* What the task requires *
Your job is to give again, exactly and with no additions, the lines in the records below from the one with "Pantalones Casuales Delgados" through the one with "後ろにはスリットが入っている", both included. Omit the pictures.

* Dataset *

########################################

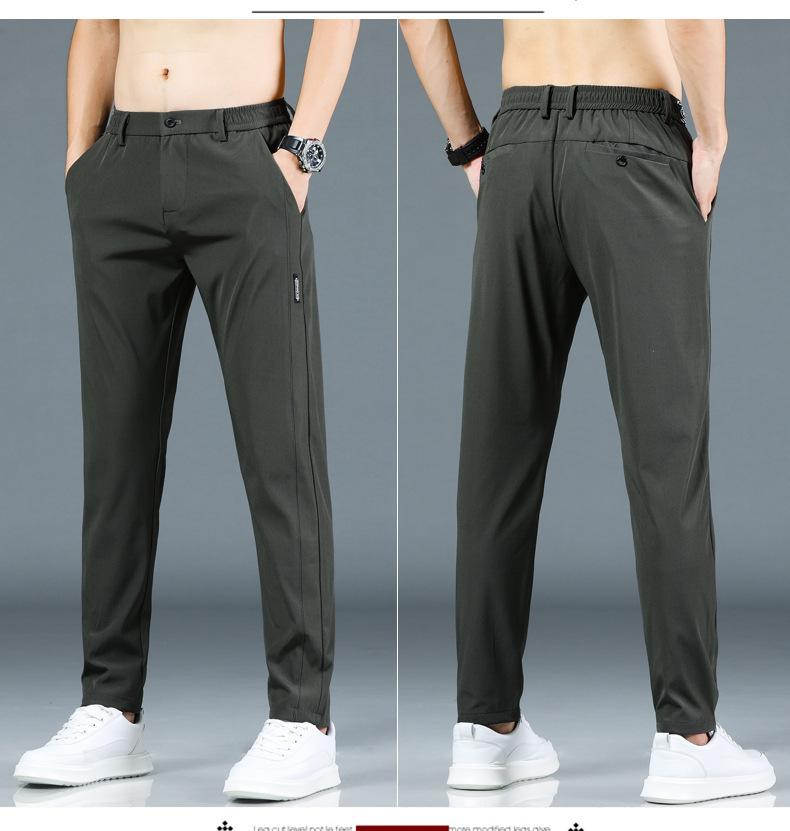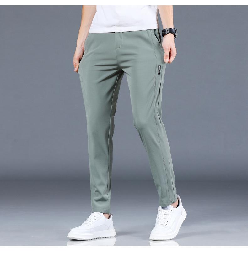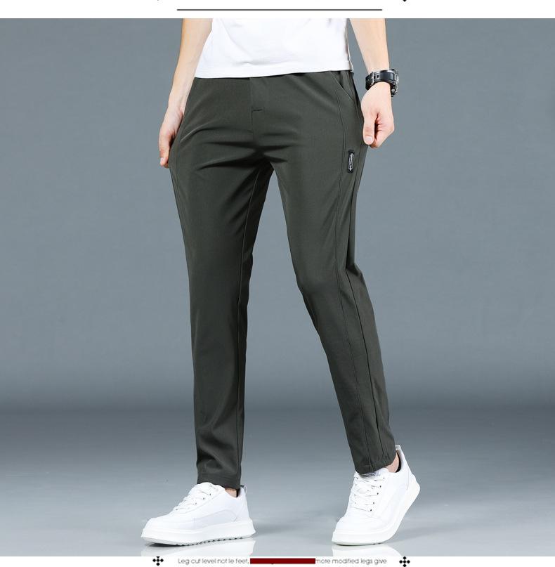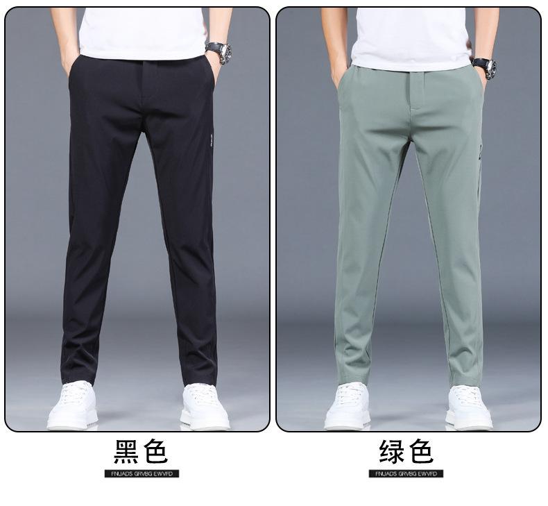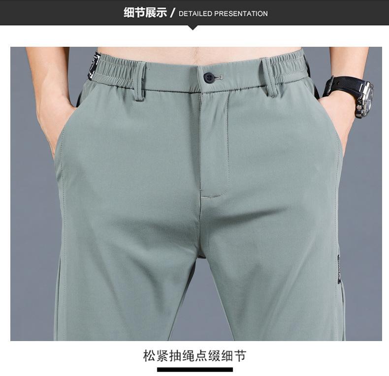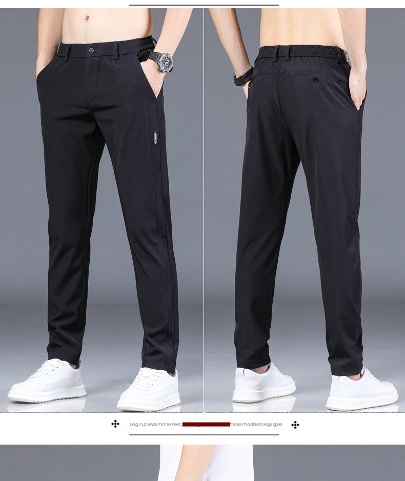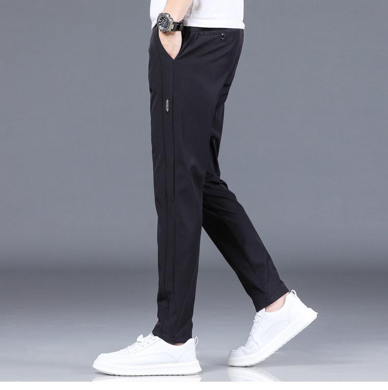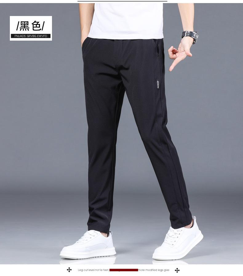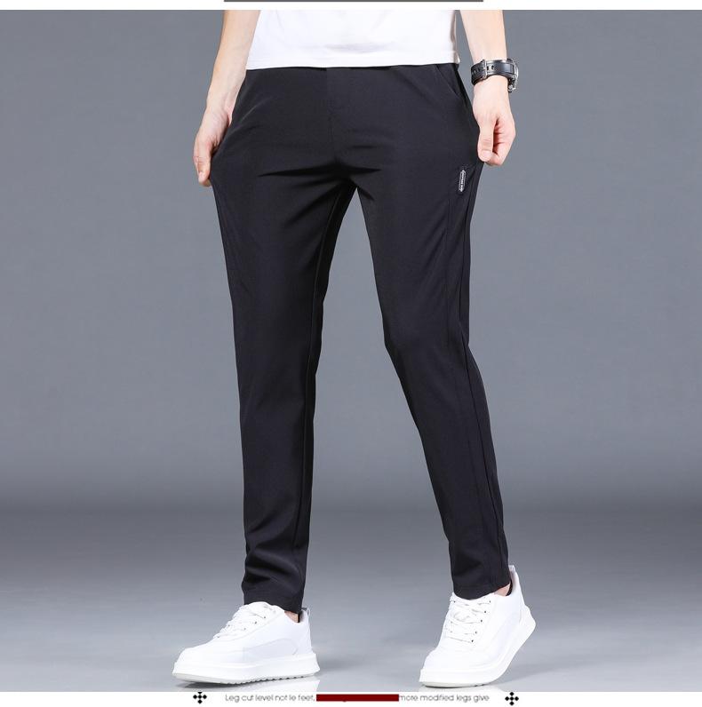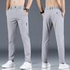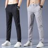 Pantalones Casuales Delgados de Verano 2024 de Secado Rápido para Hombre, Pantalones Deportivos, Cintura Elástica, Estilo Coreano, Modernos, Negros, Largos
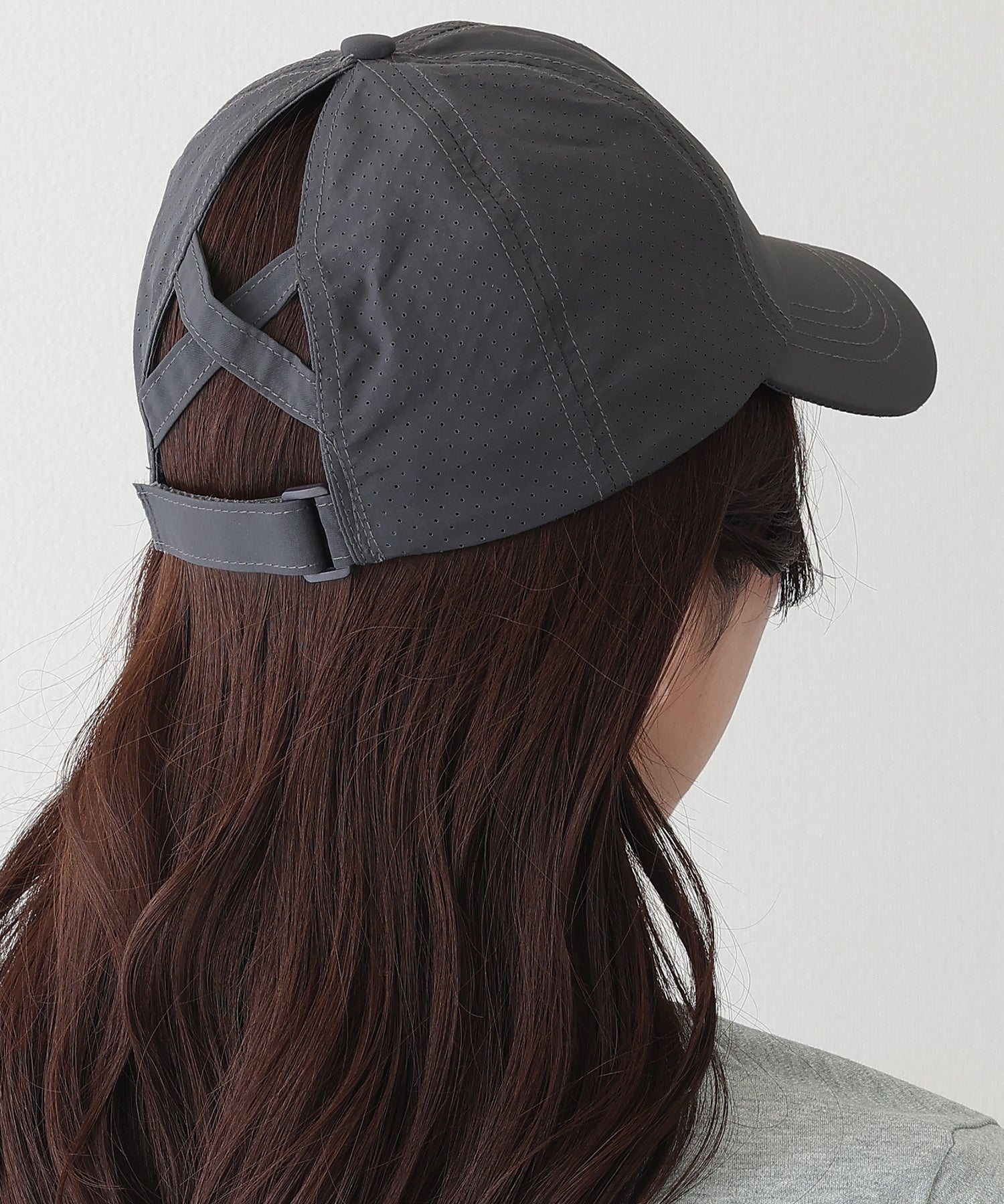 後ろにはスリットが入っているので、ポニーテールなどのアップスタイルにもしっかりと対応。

########################################

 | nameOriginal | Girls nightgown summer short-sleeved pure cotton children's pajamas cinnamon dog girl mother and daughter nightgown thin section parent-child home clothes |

########################################

* Exercise response *
 Pantalones Casuales Delgados de Verano 2024 de Secado Rápido para Hombre, Pantalones Deportivos, Cintura Elástica, Estilo Coreano, Modernos, Negros, Largos
 後ろにはスリットが入っているので、ポニーテールなどのアップスタイルにもしっかりと対応。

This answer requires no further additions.